Добавить в цитаты Настройки чтения

Страница 132 из 183



Сообщив, как подло предала народ хунта, президент продолжал:

"Перед лицом этих фактов мне остается лишь сказать трудящимся: "Я не отрекусь!" В этих исторически сложившихся обстоятельствах я своей жизнью оплачу верность народа. И говорю вам, я уверен, что семена, которые мы посеяли в благородном сознании тысяч и тысяч чилийцев, нельзя будет вырвать окончательно.

У них есть сила, - говорил он о предателях. - Они могут, конечно, взять верх. Но они не остановят социальных процессов ни с помощью преступлений, ни с помощью силы.

История принадлежит нам и ее делают народы.

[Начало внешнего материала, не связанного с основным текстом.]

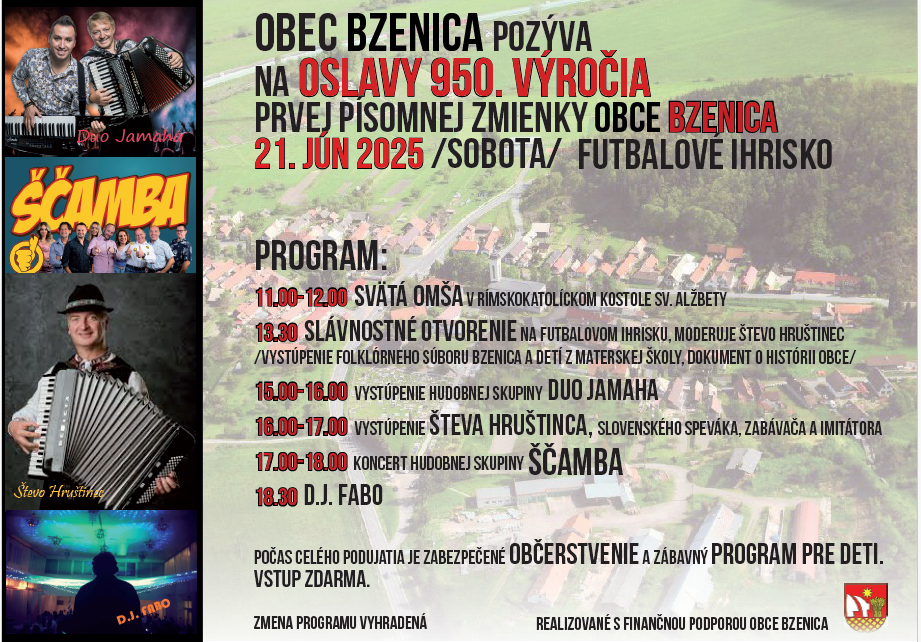 950. výročie prvej písomnej zbierky našej obce Pridané do 29 apríla, 2025 od bzenica Oslávme spoločne významné výročie našej obce! Obec Bzenica Vás srdečne pozýva na oslavy 950. výročia prvej písomnej zmienky o obci, ktoré sa uskutočnia dňa 21. júna 2025 (sobota) na futbalom ihrisku.

Трудящиеся моей отчизны! Я хочу поблагодарить вас за вашу верность, за ваше доверие, оказанное мне. Я был лишь выразителем великих чаяний справедливости, я дал вам слово, что буду соблюдать Конституцию и законность, и так я поступал. И в этот решительный момент, в этот -последний раз, когда я могу обратиться к вам, я хочу сказать - извлеките урок из того, что произошло: иностранный капитал, империализм в союзе с реакцией создали условия, при которых вооруженные силы сломили традицию, которой был верен генерал Рене Шнейдер и верность которой подтвердил капитан Арайя, жертвы тех же социальных элементов, которые сегодня врываются в ваши дома, послушные чужой руке, стремясь отвоевать власть, чтобы защищать привилегии и интересы.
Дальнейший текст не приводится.